# Your objective
Copy the lines below as they are; omit the images they contain.

(Dataset excerpts)
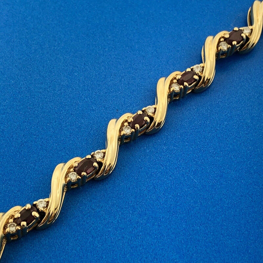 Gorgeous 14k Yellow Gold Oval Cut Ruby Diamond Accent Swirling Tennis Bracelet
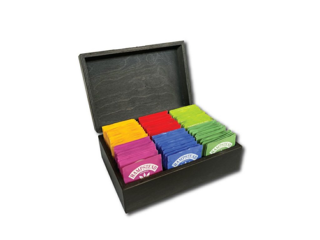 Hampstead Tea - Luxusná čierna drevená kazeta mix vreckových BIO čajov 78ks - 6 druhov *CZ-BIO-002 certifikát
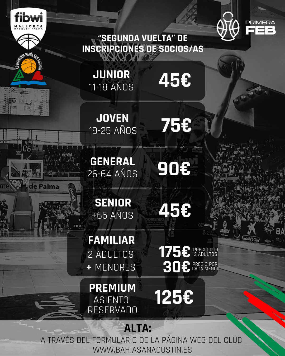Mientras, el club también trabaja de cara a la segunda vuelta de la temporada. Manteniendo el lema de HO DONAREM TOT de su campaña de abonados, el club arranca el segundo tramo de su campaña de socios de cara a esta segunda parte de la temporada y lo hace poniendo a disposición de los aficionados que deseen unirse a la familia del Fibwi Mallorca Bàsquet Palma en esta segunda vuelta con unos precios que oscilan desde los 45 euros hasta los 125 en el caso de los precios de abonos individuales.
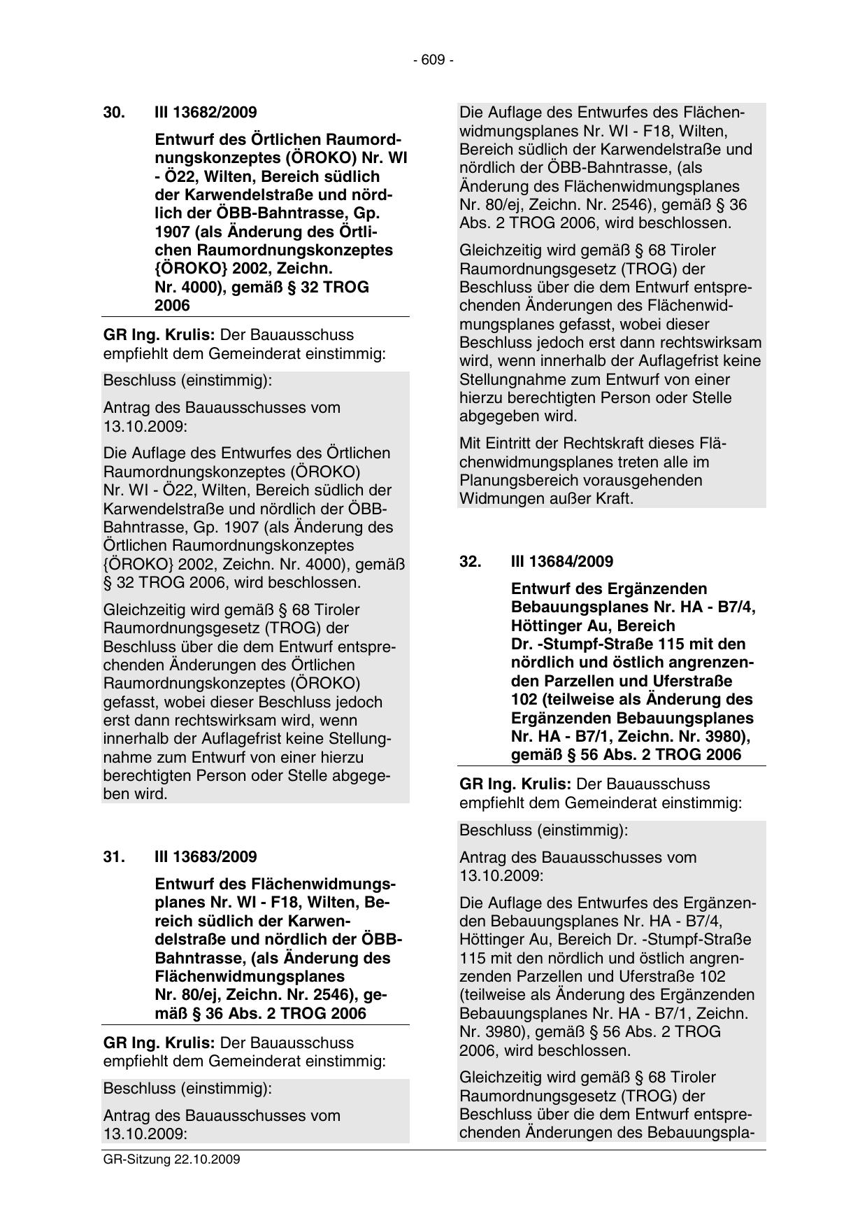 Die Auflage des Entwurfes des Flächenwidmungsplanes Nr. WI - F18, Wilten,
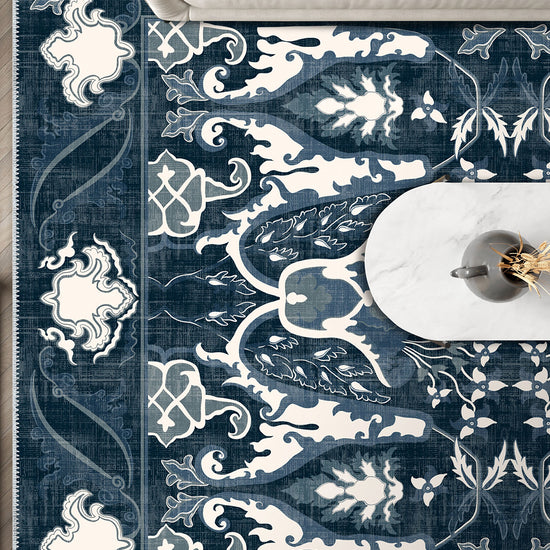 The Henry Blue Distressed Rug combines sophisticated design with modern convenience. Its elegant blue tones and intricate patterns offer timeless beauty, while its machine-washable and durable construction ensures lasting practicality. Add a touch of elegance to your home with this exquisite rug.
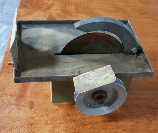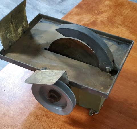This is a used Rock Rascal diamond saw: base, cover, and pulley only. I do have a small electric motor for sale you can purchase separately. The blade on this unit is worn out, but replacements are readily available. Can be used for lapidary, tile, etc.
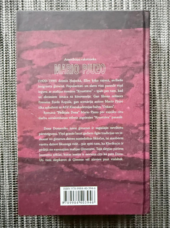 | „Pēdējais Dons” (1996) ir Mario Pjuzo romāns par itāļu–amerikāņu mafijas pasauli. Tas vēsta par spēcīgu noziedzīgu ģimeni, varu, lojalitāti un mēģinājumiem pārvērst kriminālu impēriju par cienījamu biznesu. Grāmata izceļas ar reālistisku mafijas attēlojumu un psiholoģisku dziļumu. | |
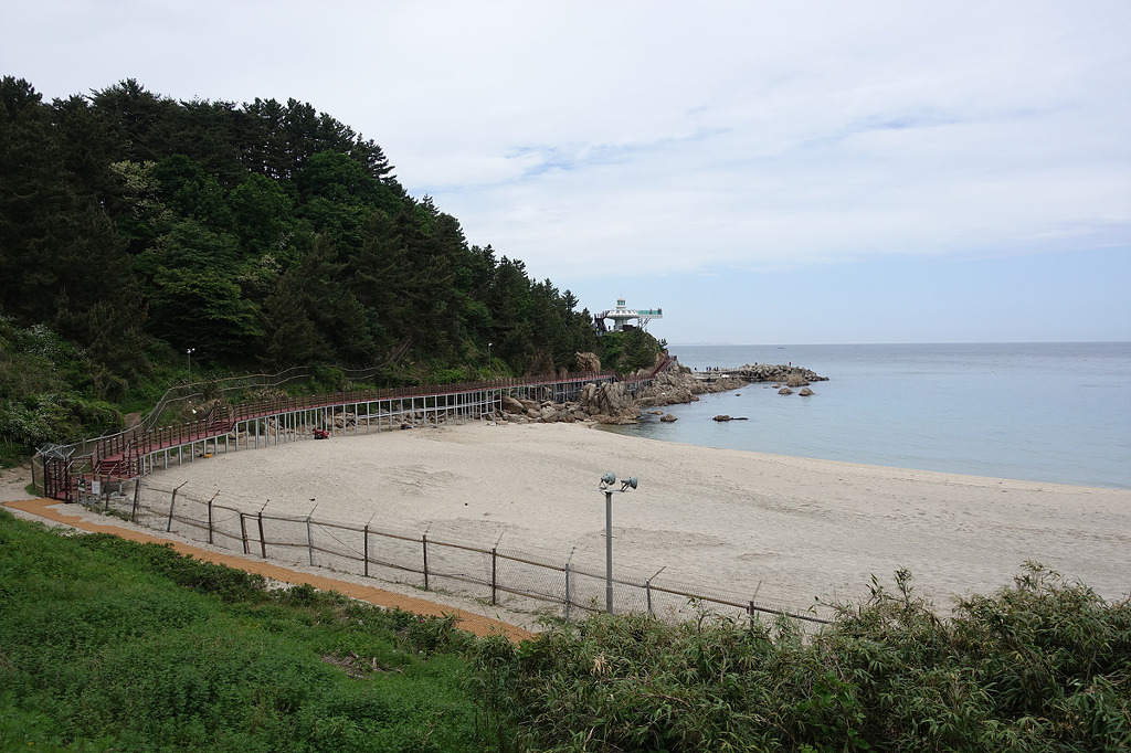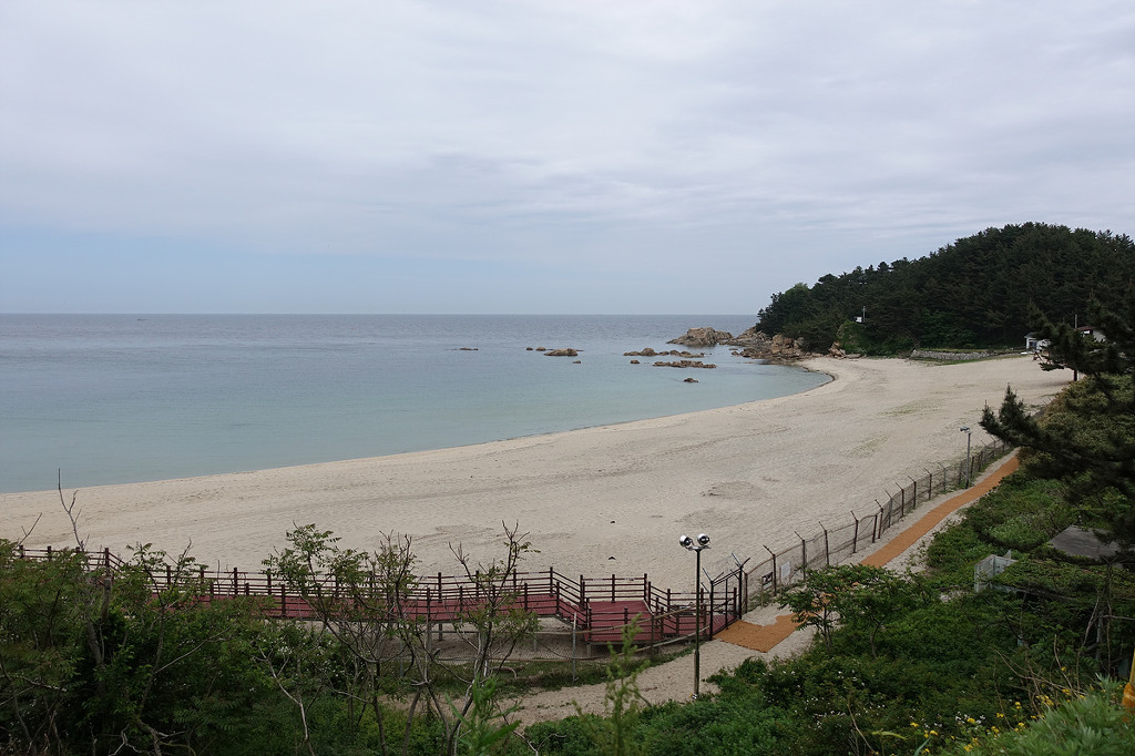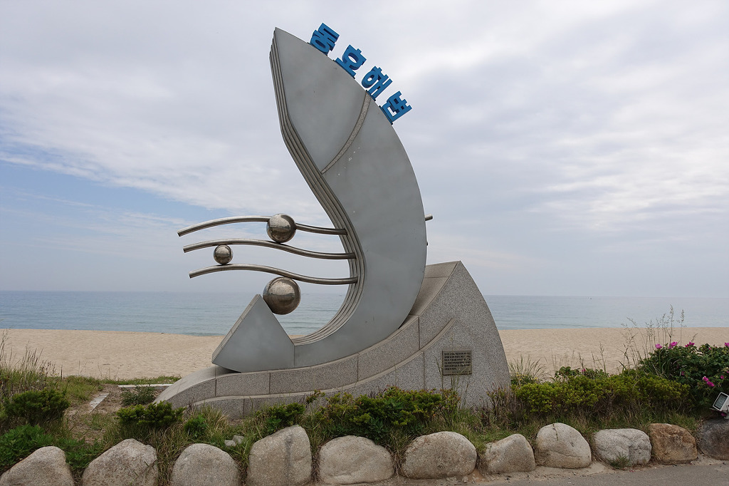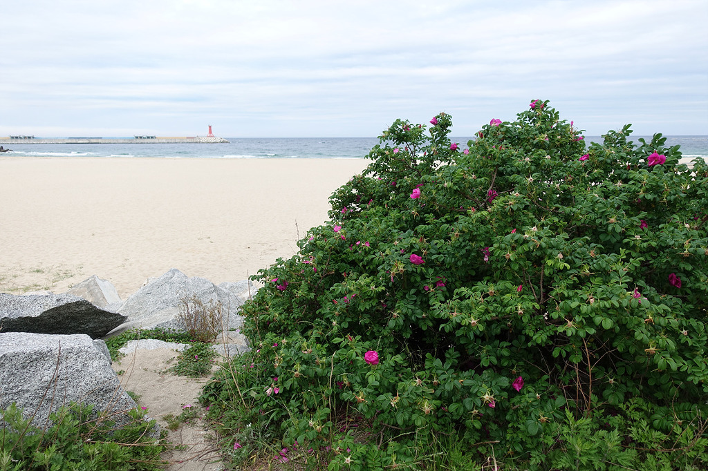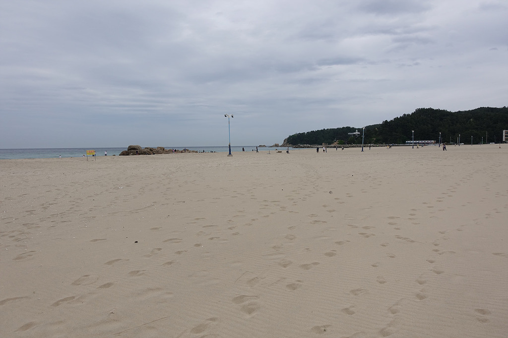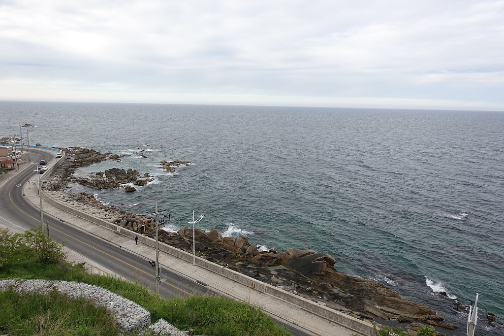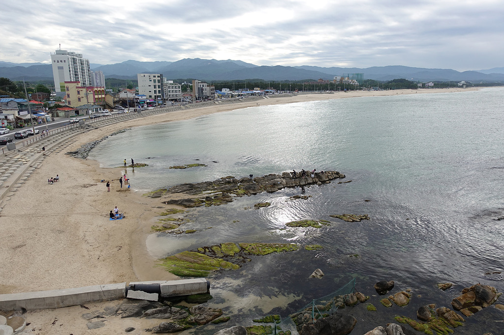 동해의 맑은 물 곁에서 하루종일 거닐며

# Answer section
 Gorgeous 14k Yellow Gold Oval Cut Ruby Diamond Accent Swirling Tennis Bracelet
 Hampstead Tea - Luxusná čierna drevená kazeta mix vreckových BIO čajov 78ks - 6 druhov *CZ-BIO-002 certifikát
Mientras, el club también trabaja de cara a la segunda vuelta de la temporada. Manteniendo el lema de HO DONAREM TOT de su campaña de abonados, el club arranca el segundo tramo de su campaña de socios de cara a esta segunda parte de la temporada y lo hace poniendo a disposición de los aficionados que deseen unirse a la familia del Fibwi Mallorca Bàsquet Palma en esta segunda vuelta con unos precios que oscilan desde los 45 euros hasta los 125 en el caso de los precios de abonos individuales.
 Die Auflage des Entwurfes des Flächenwidmungsplanes Nr. WI - F18, Wilten,
 The Henry Blue Distressed Rug combines sophisticated design with modern convenience. Its elegant blue tones and intricate patterns offer timeless beauty, while its machine-washable and durable construction ensures lasting practicality. Add a touch of elegance to your home with this exquisite rug.
This is a used Rock Rascal diamond saw: base, cover, and pulley only. I do have a small electric motor for sale you can purchase separately. The blade on this unit is worn out, but replacements are readily available. Can be used for lapidary, tile, etc.
 | „Pēdējais Dons” (1996) ir Mario Pjuzo romāns par itāļu–amerikāņu mafijas pasauli. Tas vēsta par spēcīgu noziedzīgu ģimeni, varu, lojalitāti un mēģinājumiem pārvērst kriminālu impēriju par cienījamu biznesu. Grāmata izceļas ar reālistisku mafijas attēlojumu un psiholoģisku dziļumu. | |
 동해의 맑은 물 곁에서 하루종일 거닐며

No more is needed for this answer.